=== TO DO ===
Begin your copy at the line holding "近日,山東省住房和城鄉(xi" and end it at the last line of the listing. Keep every line exact and leave out the pictures.

=== INFORMATION SHOWN ===
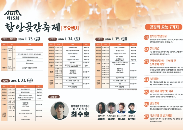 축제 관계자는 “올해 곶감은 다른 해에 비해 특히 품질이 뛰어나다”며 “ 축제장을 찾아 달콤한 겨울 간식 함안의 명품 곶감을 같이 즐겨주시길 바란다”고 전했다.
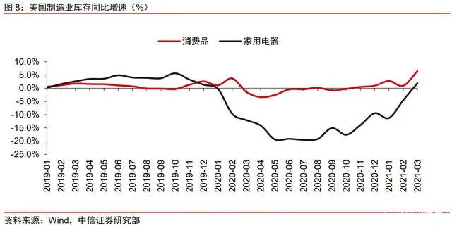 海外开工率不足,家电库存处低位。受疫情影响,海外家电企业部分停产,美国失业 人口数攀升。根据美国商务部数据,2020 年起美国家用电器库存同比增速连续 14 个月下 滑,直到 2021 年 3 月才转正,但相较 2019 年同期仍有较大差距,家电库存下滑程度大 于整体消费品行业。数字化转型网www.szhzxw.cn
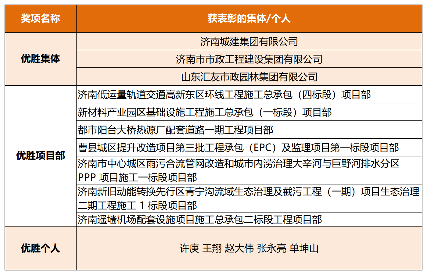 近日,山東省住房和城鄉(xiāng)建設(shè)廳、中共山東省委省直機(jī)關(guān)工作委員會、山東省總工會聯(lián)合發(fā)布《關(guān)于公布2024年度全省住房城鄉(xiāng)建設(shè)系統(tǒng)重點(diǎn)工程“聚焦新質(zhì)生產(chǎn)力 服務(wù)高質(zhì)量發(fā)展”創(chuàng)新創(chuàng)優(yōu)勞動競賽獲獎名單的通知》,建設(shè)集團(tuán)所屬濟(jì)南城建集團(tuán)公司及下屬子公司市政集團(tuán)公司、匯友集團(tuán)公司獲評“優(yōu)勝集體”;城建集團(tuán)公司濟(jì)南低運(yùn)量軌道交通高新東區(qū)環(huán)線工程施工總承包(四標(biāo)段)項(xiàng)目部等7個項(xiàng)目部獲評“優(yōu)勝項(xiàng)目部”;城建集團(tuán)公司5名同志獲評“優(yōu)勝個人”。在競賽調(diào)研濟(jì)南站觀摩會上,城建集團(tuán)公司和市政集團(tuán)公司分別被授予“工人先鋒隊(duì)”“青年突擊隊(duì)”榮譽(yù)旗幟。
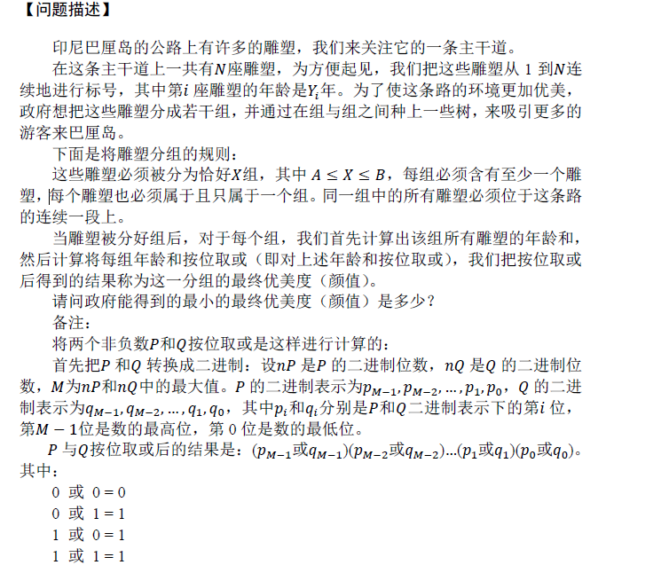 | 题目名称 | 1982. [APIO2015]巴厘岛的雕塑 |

=== ANSWER FOR THIS EXERCISE ===
 近日,山東省住房和城鄉(xiāng)建設(shè)廳、中共山東省委省直機(jī)關(guān)工作委員會、山東省總工會聯(lián)合發(fā)布《關(guān)于公布2024年度全省住房城鄉(xiāng)建設(shè)系統(tǒng)重點(diǎn)工程“聚焦新質(zhì)生產(chǎn)力 服務(wù)高質(zhì)量發(fā)展”創(chuàng)新創(chuàng)優(yōu)勞動競賽獲獎名單的通知》,建設(shè)集團(tuán)所屬濟(jì)南城建集團(tuán)公司及下屬子公司市政集團(tuán)公司、匯友集團(tuán)公司獲評“優(yōu)勝集體”;城建集團(tuán)公司濟(jì)南低運(yùn)量軌道交通高新東區(qū)環(huán)線工程施工總承包(四標(biāo)段)項(xiàng)目部等7個項(xiàng)目部獲評“優(yōu)勝項(xiàng)目部”;城建集團(tuán)公司5名同志獲評“優(yōu)勝個人”。在競賽調(diào)研濟(jì)南站觀摩會上,城建集團(tuán)公司和市政集團(tuán)公司分別被授予“工人先鋒隊(duì)”“青年突擊隊(duì)”榮譽(yù)旗幟。
 | 题目名称 | 1982. [APIO2015]巴厘岛的雕塑 |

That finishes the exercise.